There’s others of course.Priests turned involuntary gladiators in the delta arena. A man chosen by the delta gods to be a killer, their killer, struggling with his heart, his faith, and his sense of self. An Admiral who is an utter arse, but has a sense of duty like a rod of iron. Young legionnaires, following Gwenna Sharpe with too much pride and concern, but not enough fear. A shin monk, setting out to run a con on the leader of the Empire (that whole thread is smart and funny and painful, and comes in such a different voice to the others, it;s a breath of fresh air).So many more, some of whom I can’t speak of for the sale of spoiling things. But in any case, the character-work is first rate. These are living, breathing people, and you’ll laugh and quail and love with them, celebrate their triumphs and mourn their deaths.
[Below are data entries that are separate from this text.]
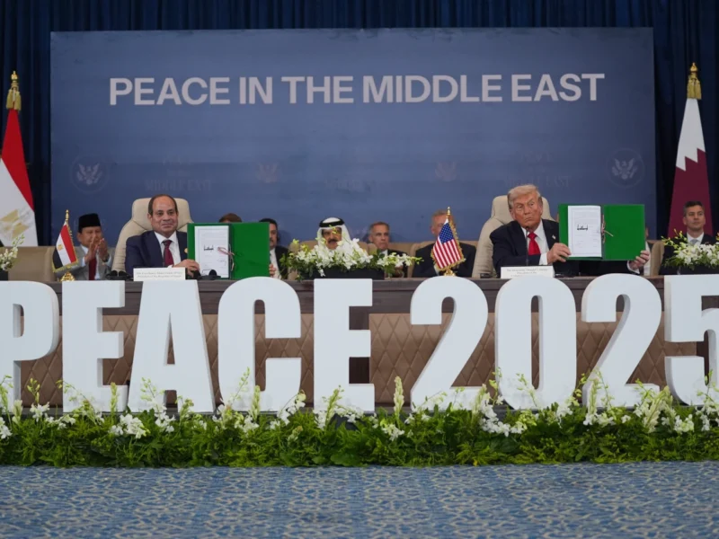 Trump, el-Sissi, Turkish President Recep Tayyip Erdogan and Qatari Emir Tamim bin Hamad Al Thani signed a document outlining a broad vision that Trump said would lay the groundwork for Gaza’s future.
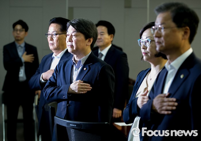 (서울=포커스뉴스) 15일 오전 서울 여의도 국회 의원회관에서 열린 15차 국민의당 정책역량강화 집중 워크숍에 참석한 천정배(앞줄 오른쪽부터) 공동대표, 이나영 중앙대 사회학과 교수, 안철수 상임공동대표, 박지원 원내대표 등 의원들이 국기에 대한 경례를 하고 있다.
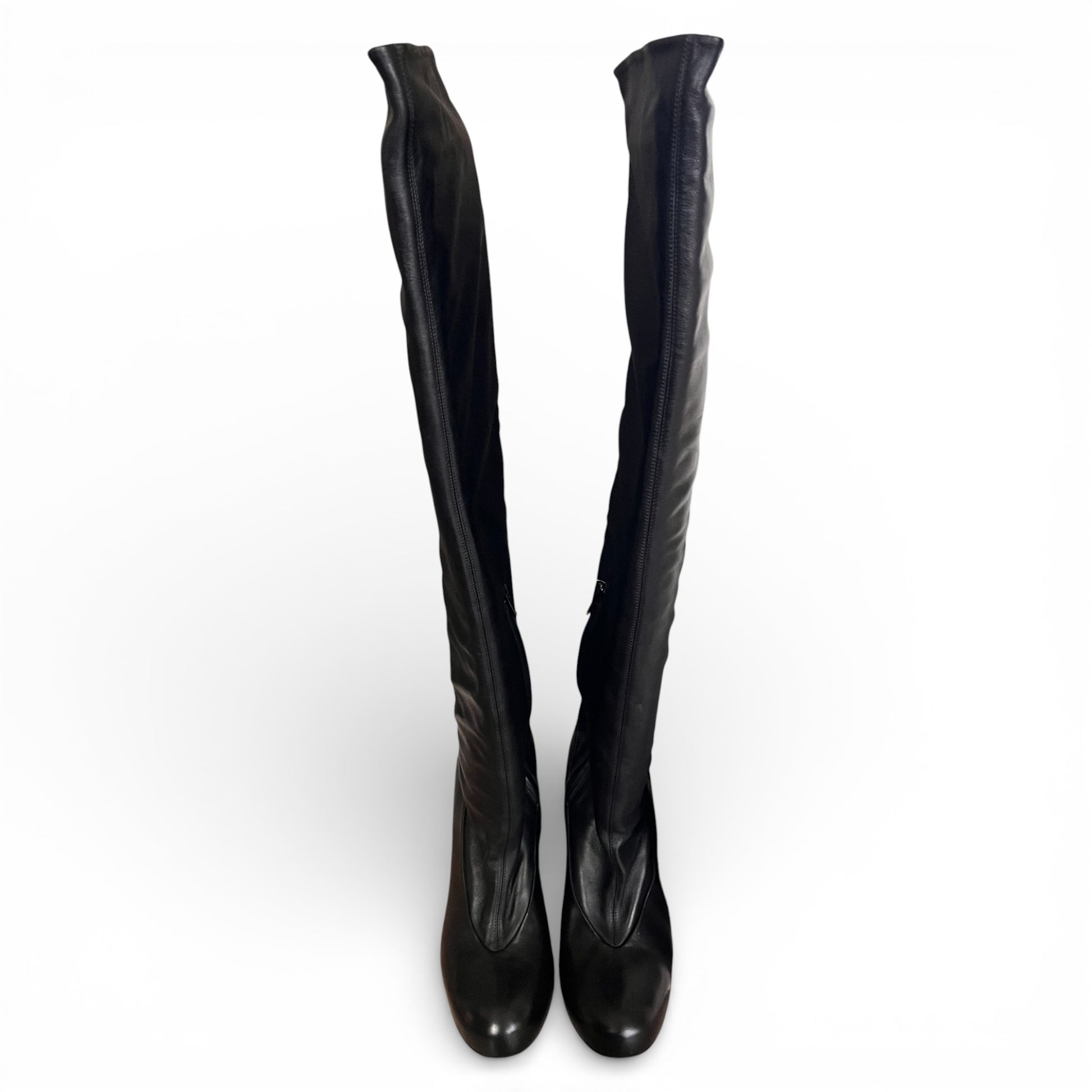 Bottes hautes en cuir lisse, montant jusqu’au genou, avec possibilité d’un léger effet plissé selon le porté.
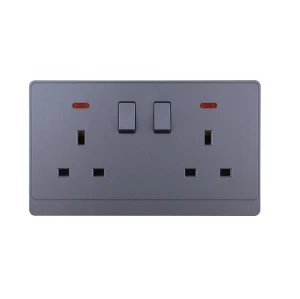 UK/British Standard 2 Gang Single Pole Switched Socket with LED 13A 250V~(PC Panel, 4 Colors)
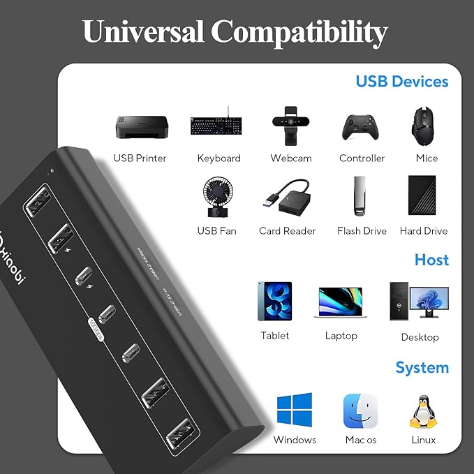 - 【Wide Compatibility】This usb hub for pc works seamlessly with Windows, macOS, and Linux—no drivers required, just plug and play. It comes with a USB-C to USB-C cable and an attached USB-A adapter, so you can easily connect to a wide range of devices, including USB-C or USB-A laptops, desktops, and even OTG-enabled phones and tablets. One cable, endless possibilities.
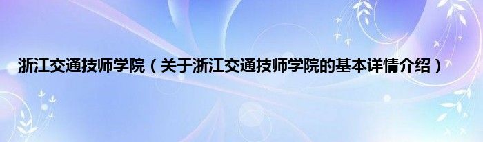 本文关于浙江交通技师学院的基本详情介绍就讲解完毕,希望对大家有所帮助。
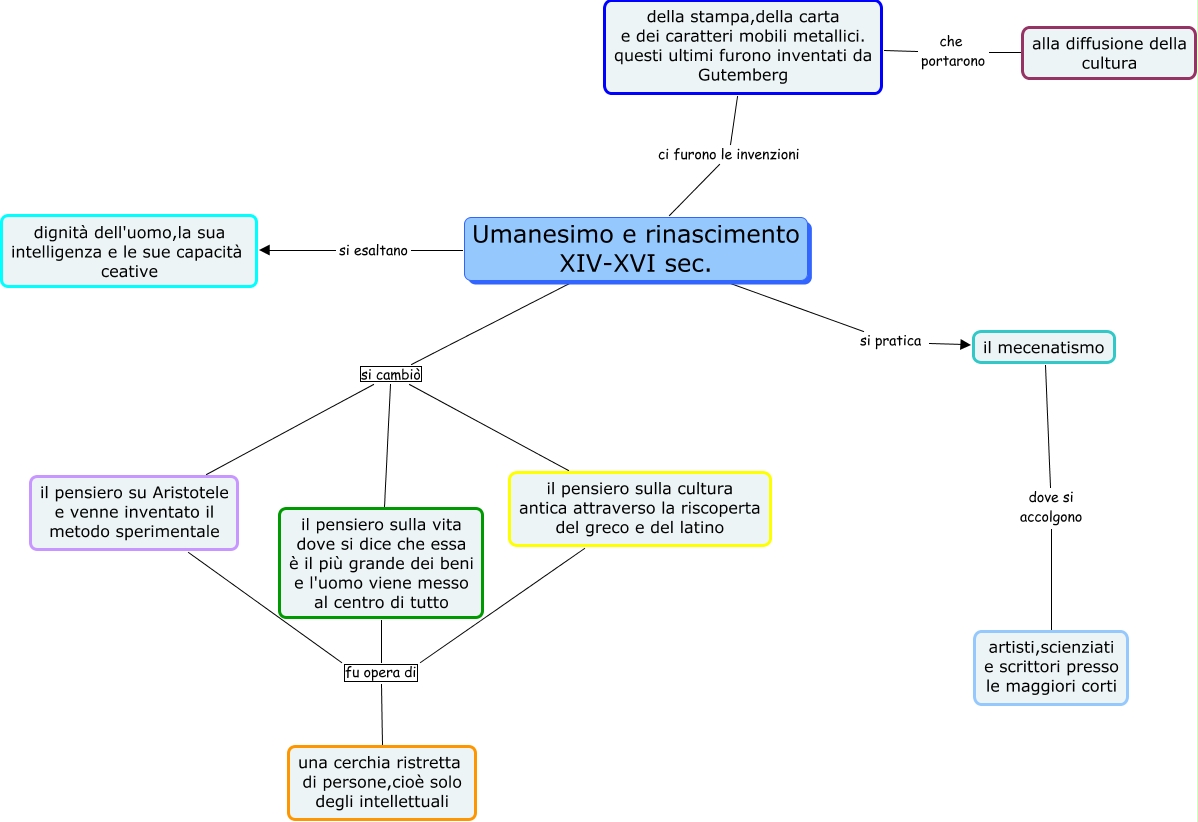 Questa Cmap, creata con IHMC CmapTools, contiene informazioni relative a: umanesimo e rinascimento, il pensiero sulla cultura antica attraverso la riscoperta del greco e del latino fu opera di una cerchia ristretta di persone,cioè solo degli intellettuali, Umanesimo e rinascimento XIV-XVI sec. ci furono le invenzioni della stampa,della carta e dei caratteri mobili metallici. questi ultimi furono inventati da Gutemberg, Umanesimo e rinascimento XIV-XVI sec. si esaltano dignità dell'uomo,la sua intelligenza e le sue capacità ceative, il mecenatismo dove si accolgono artisti,scienziati e scrittori presso le maggiori corti, Umanesimo e rinascimento XIV-XVI sec. si cambiò il pensiero su Aristotele e venne inventato il metodo sperimentale, Umanesimo e rinascimento XIV-XVI sec. si pratica il mecenatismo, il pensiero sulla vita dove si dice che essa è il più grande dei beni e l'uomo viene messo al centro di tutto fu opera di una cerchia ristretta di persone,cioè solo degli intellettuali, Umanesimo e rinascimento XIV-XVI sec. si cambiò il pensiero sulla vita dove si dice che essa è il più grande dei beni e l'uomo viene messo al centro di tutto, il pensiero su Aristotele e venne inventato il metodo sperimentale fu opera di una cerchia ristretta di persone,cioè solo degli intellettuali, Umanesimo e rinascimento XIV-XVI sec. si cambiò il pensiero sulla cultura antica attraverso la riscoperta del greco e del latino, della stampa,della carta e dei caratteri mobili metallici. questi ultimi furono inventati da Gutemberg che portarono alla diffusione della cultura

The story...well, I’ll say this. It’s epic. All three strands of the story - the con, the exploration, the delta - feel different. And examine different things. But they slowly intertwine into a larger creative structure, a cathartic ending that makes you sit up and take notice. And in the meanwhile, each story makes us care about our characters, puts them into this beautiful, horrible world with each of these fragile, breaking, pressured, loving, killing, gentle, vicious people. And the story shifts up a notch and tells us what happens, and what happens next, and it;s tense and fast paced and snappy and a joy to read.
In the end, this is a damn fun, damn fine story, one which I highly recommend.